For the sake of being misleading, I’ll start with all the ways which aren’t dialogue that helps it happen.  For one thing Shaft, the studio behind the Monogatari series is really good at style.  Shaft shows rarely have the same level of artistic detail or prettiness in their shows as other studios might but their mastery of and penchant for stylistic visuals over traditional ones, usually allows them to side-step visual issues.  If you’re like me style counts for a lot more than just being pretty, even shows that may end up pretty mediocre usually get my attention if they go for an unusual style of visuals or presentation.  It’s one of things I liked so much about Kekkai Sensen, which I reviewed here.  In my mind a series which dedicates itself to style is generally going to be more unique and innovative than shows with traditional animation.  That’s not always true nor is it an assurance of quality  but at bare minimum it usually makes the experience more memorable.  And the Monogatari series has style in spades.
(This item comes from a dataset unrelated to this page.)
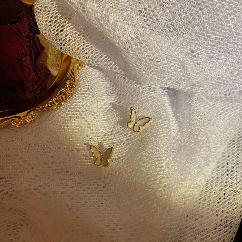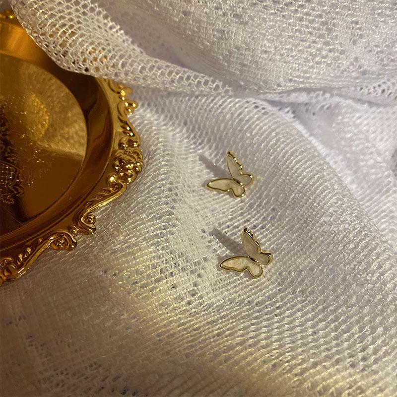 Pendientes Vintage de Alas de Mariposa con Aguja de Plata S925 Mini Pendientes Elegantes Simples Mori de Perla de Concha de Imitación Coreana para Mujer

I’d also like to think that a lot of the supernatural subject matter is part of what makes the show interesting to people.  The supernatural is something people all over the world love to see and speculate about.  I also happen to be pretty interested in mythology and similar subjects so the Monogatari series is a huge treat for me.  An unusual series centered around vague supernatural beings with weird mythologies to support them, I’m excited for this.  The final major thing that isn’t dialogue, though the dialogue contributes to this in very important ways is the series’ focus on psychological issues.  In the Monogatari series physical side effects of the supernatural creatures are just that, side effects.  It is usually relatively minor mental events that open the door for the supernatural creatures which in turn leads to major psychological backlash once the person who in effect “summoned” the supernatural being realizes what they’ve done.  It’s a very specific type of psychological horror, one that severely punishes a person for relatively minor mistakes.  I’m not going to explain the appeal of horror, that would be another post worth of text, so instead I’ll just say that horror fans are some of the most passionate and vocal fans I’ve come across and leave it at that.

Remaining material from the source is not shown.